Was it all a dream? Didn't it mean anything? Does that kind of love, which we so delight to read of, and watch in young people, just fizzle out? Is there nothing left ten years later, among the diapers and the dishes, and the bills, and the assistant manager's job he wants so badly? Is love born in two people only to die in disillusionment? Did Jesus lie when He said, "They are no more two, but one flesh?" Is He unable to keep that other promise He made when He said, "And I will take away the stony heart out of your flesh, and I will give you a heart of flesh?" (Ezekiel 36:26).

What do you think?

You know, the funny thing is that most of us have strangely contradictory views on marriage. There is a part of us which forms expectations based solely on our own experience. If our parents were happily married, we tend to have a hopeful attitude for ourselves. If we have been close to someone who has had a bad experience, we are suspicious of our own partners, or of the durability of our own contract. And often our suspicions cause us to make them come true. We look for signs where there are none. We are suspicious where we need not be, and drive our partners into attitudes they never wanted to have.

We are also tempted to accept the prevailing opinion of the group among whom we live. If your friends think highly of the marriage bond, you are likely to do so too: if they treat it lightly, it's rather easy to follow their lead.

Then there is that somewhat inexplicable part of us that wants marriage to be wonderful and ideal. Our whole heart rebels with sadness at the thought that those deep and tender moments that two lovers share must come to an end. We feel that romantic love ought to be the herald of something that lasts forever, like it promises; and we want - oh how badly we want - to believe it.

Both in the New Testament and in the teachings of Swedenborg, the Lord has told us that we can trust this last instinct. "They two shall be one flesh" - that is, one desire, one love. In the Writings of Swedenborg, he has spoken in detail of true marriage love, and what it is like, and how it gets deeper and deeper to all eternity - just like we hope it would do.

Perhaps the most important part of these teachings is that marriage love can be perfect, and eternal, because that was the way the Lord intend ed it to be, from the beginning. "He who made them at the beginning made them male and female, and said, For this cause shall a man leave father and mother, and shall cleave unto his wife, and they two shall be one flesh. Wherefore they are no more two but one flesh." It was part of creation that there should be two totally different types of people, who should be born to come together in marriage.

The differences between men and women, Swedenborg teaches, starts in the souls of each. They were made different - although he insists (well ahead of his time) that there is no question of inferiority: eternally equal, eternally different. But, more important, they were created with a deep-seated longing to be joined to each other. The attraction between men and women is stamped on their very souls: a longing to be joined to the other half of creation.
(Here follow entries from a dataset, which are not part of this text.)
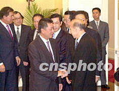 澳門政府與永利渡假村(澳門)股份有限公司簽約 2002年06月25日 08:33 ![]() 澳門特區(qū)行政長官何厚鏵二十四日與永利度假村(澳門)股份有限公司簽署協(xié)議后,與永利部分股東握手。李剛 攝
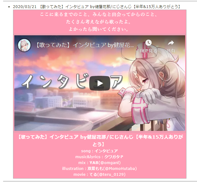 wikiの歌動画装飾埋め込みでふと過去のものを見返したくなったんだけど、ログが消えていくのでそれ用のページを作っておくなど
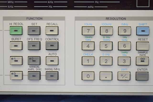 マイクロ波フリケンシカウンタ、INPUT1 周波数範囲:10Hz~200MHz、最大入力レベル:10Vrmss/1MΩ、2Vrms/50Ω、コネクタ:BNC、 INPUT2 周波数範囲:0.2~18GHz、最大入力レベル:+10dBm、入力インピーダンス:50Ω、コネクタ:N型、表示:12桁

It is a part of the Lord's tremendous love for His children that He made this one special love which is above every other love. We have lots of friends. We care deeply for some people. We love a few of them. And then there is one person whom we can love above all others. The Lord only can be alone - that is, He doesn't need one special recipient for His love. But we are made to long for one person who can share all levels of life with us, and in showing kindness to whom we find the deepest peace of our souls.
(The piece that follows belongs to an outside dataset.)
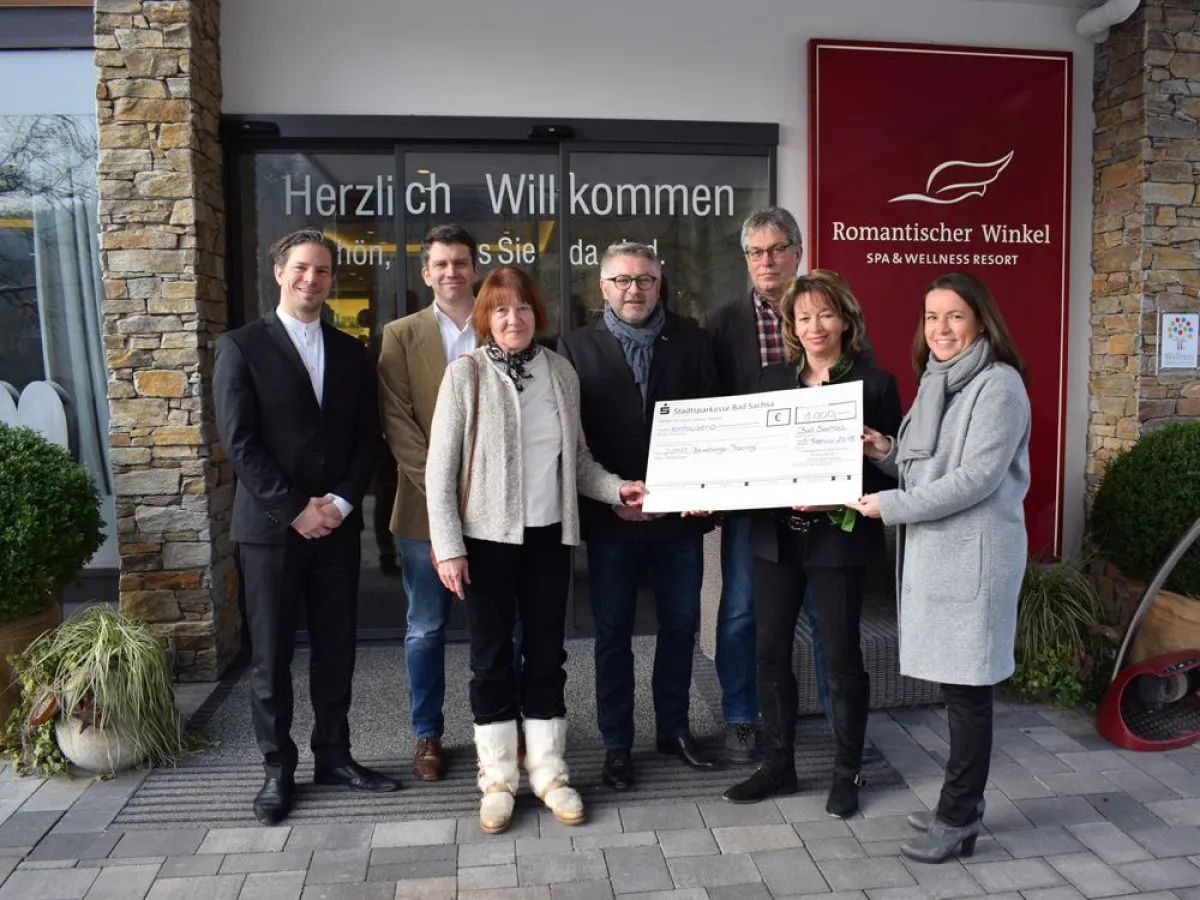 (openPR) Schon im November sammelte das Hotel Romantischer Winkel SPA & Wellness Resort in Bad Sachsa mit seinen Ladies-Nights erneut Geld für einen guten Zweck. Mit der Spende soll für die Schüler des Internatsgymnasiums Pädagogium Bad Sachsa und der Oberschule Bad Sachsa ein JUMP!-Training finanziert werden, das auf die schwierige Berufs- und Studienwahl vorbereitet. Jetzt überreichten die Hotelinhaber des „Romantischen Winkels“ Josef und Nora Oelkers gemeinsam mit Sylvia Wulf vom MEKOM Regionalmanagement Osterode am Harz e.V. die gesammelten 1.000 Euro an den JUMP!-Trainer Max Reister sowie an Vertreter beider Schulen.

It all makes such sense, if we believe in a loving God. Isn't it reasonable to feel that He would grant us levels of love, and degrees of care? And that He could make someone who could love us without reserve, to whom we would always be the first, and most precious person? Love refined to the highest degree - instinctively we sense that that is what romance and love and marriage are all about.
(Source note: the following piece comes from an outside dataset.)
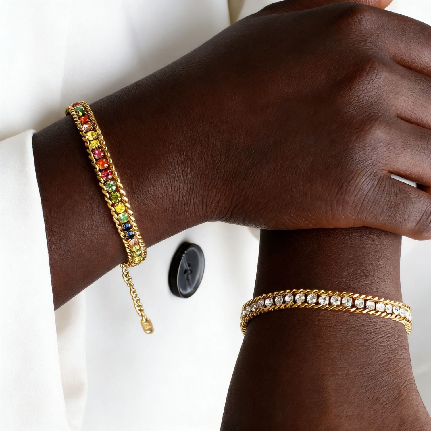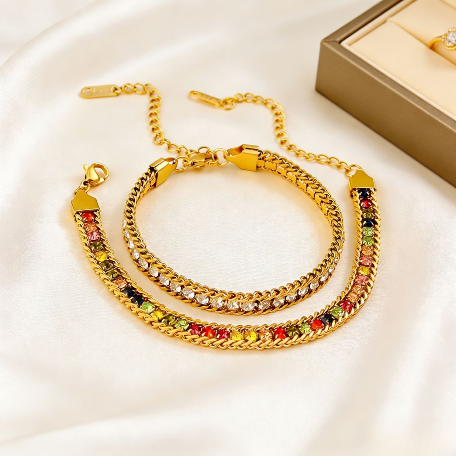跨境潮流不锈钢真空真金18k电镀多色方钻气质百搭饰品彩钻手链女

That leads us to two questions. First, can He make it happen? Can He take ordinary, basically selfish people, and lead them by the hand until they love someone else more than they love themselves? Can He lead them through the trials of intimacy to its true delight? Can He stop us from spoiling it all along the way?

And the second question is, Can He do it for everyone? If marriage is such a wonderful gift, will He give it to all of us, or just to a few favorites?

The answer to both questions is Yes. If there is a God in heaven - and there is: If He works wonders in the human heart - and He does: then He is surely wise enough to give us a love that is as perfect as our imaginations can conceive. And He is able to lead us to it, through all the trials of life, because He is God, and things like mercy, and forgiveness, and understanding and sympathy are real things, not empty words. He can teach us these things, and He can show us how to use them.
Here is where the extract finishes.